#### [Exercise input]
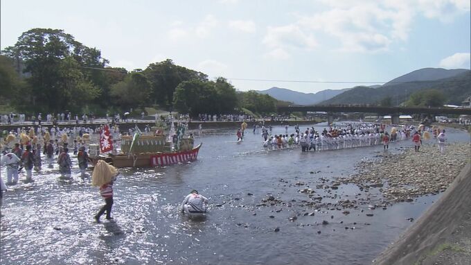 「川曳」は、ことし収穫した稲穂「初穂(はつほ)」を載せた初穂舟(はつほぶね)を曳いて五十鈴川(いすずがわ)をさかのぼり、内宮へ奉納するものです。
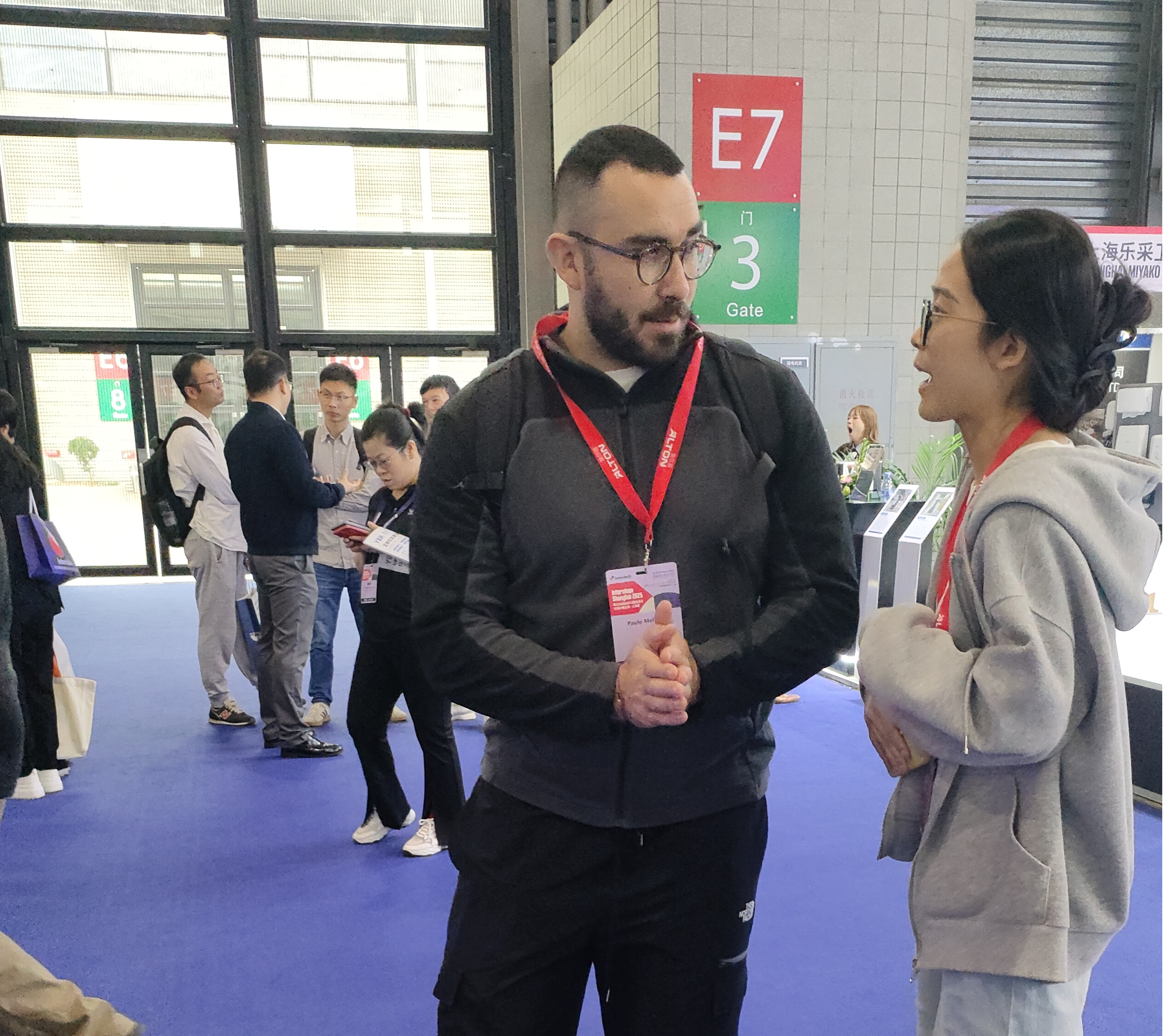 展会首日现场气氛热烈,开幕式由Interclean Shanghai项目经理张烨主持,中国城市环境卫生协会副会长秘书长刘晶昊、荷兰RAI锐昂展览集团Interclean全球展览总监Robert Stelling等重要嘉宾共同出席,携手开启清洁行业新篇章。观展期间,丁静静充分发挥商务英语专业优势,积极与多家国内外展商交流互动,协助完成现场翻译与沟通工作,并深入了解了清洁领域的最新产品与技术动向,展现出扎实的专业素养与综合能力。
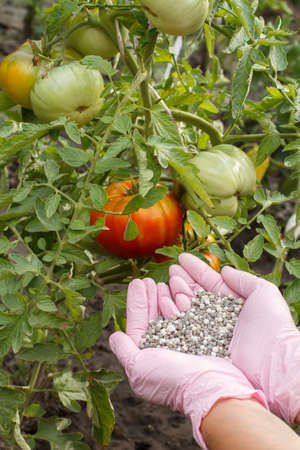 Farmer hands in rubber gloves holds chemical fertilizer to give it to tomato bushes in the garden.
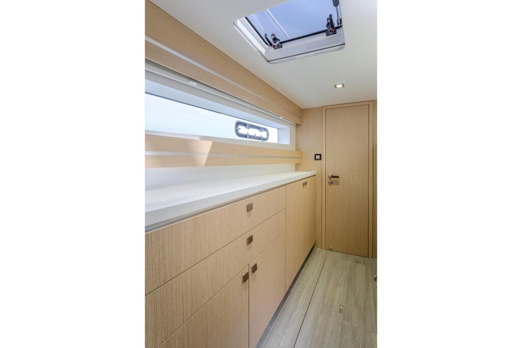 Storage Capacity -Storage capacity is essential for extended time aboard. A dedicated wardrobe in the master suite, a floor to ceiling pantry and large capacity fridge and freezer in addition to a well-appointed galley with plenty of cupboards and counter space are just a start. Also as important are spaces to store wet or bulky items such as fenders and additional sails. Theres also a dedicated location for an easy to deploy life raft in the cockpit that doesnt interfere with the flow of movement.
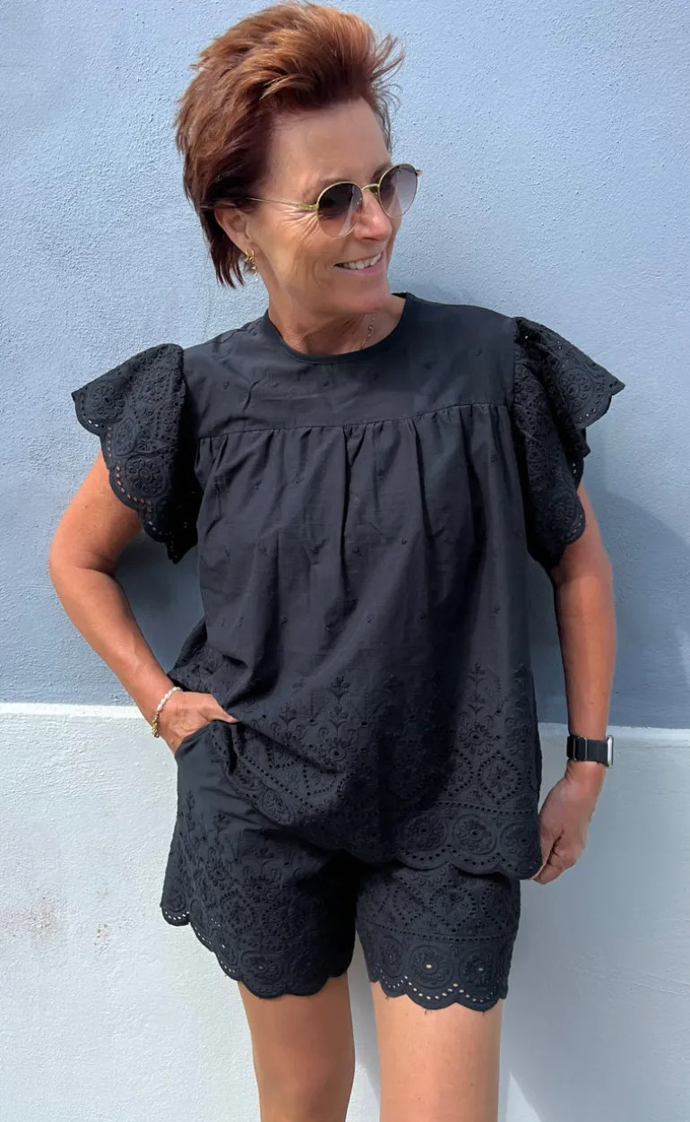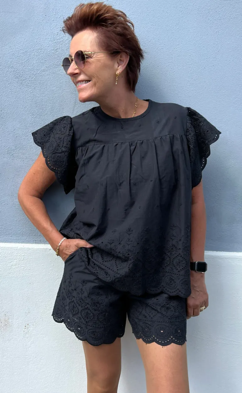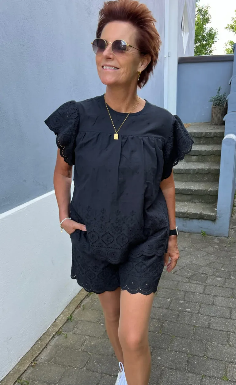 Flotte shorts fra INA Copenhagen i sort med broderi anglaise detalje nederest.

#### [Work to be completed]
Exactly as written above, print every line of the data but not its pictures.

#### [Task answer]
 「川曳」は、ことし収穫した稲穂「初穂(はつほ)」を載せた初穂舟(はつほぶね)を曳いて五十鈴川(いすずがわ)をさかのぼり、内宮へ奉納するものです。
 展会首日现场气氛热烈,开幕式由Interclean Shanghai项目经理张烨主持,中国城市环境卫生协会副会长秘书长刘晶昊、荷兰RAI锐昂展览集团Interclean全球展览总监Robert Stelling等重要嘉宾共同出席,携手开启清洁行业新篇章。观展期间,丁静静充分发挥商务英语专业优势,积极与多家国内外展商交流互动,协助完成现场翻译与沟通工作,并深入了解了清洁领域的最新产品与技术动向,展现出扎实的专业素养与综合能力。
 Farmer hands in rubber gloves holds chemical fertilizer to give it to tomato bushes in the garden.
 Storage Capacity -Storage capacity is essential for extended time aboard. A dedicated wardrobe in the master suite, a floor to ceiling pantry and large capacity fridge and freezer in addition to a well-appointed galley with plenty of cupboards and counter space are just a start. Also as important are spaces to store wet or bulky items such as fenders and additional sails. Theres also a dedicated location for an easy to deploy life raft in the cockpit that doesnt interfere with the flow of movement.
 Flotte shorts fra INA Copenhagen i sort med broderi anglaise detalje nederest.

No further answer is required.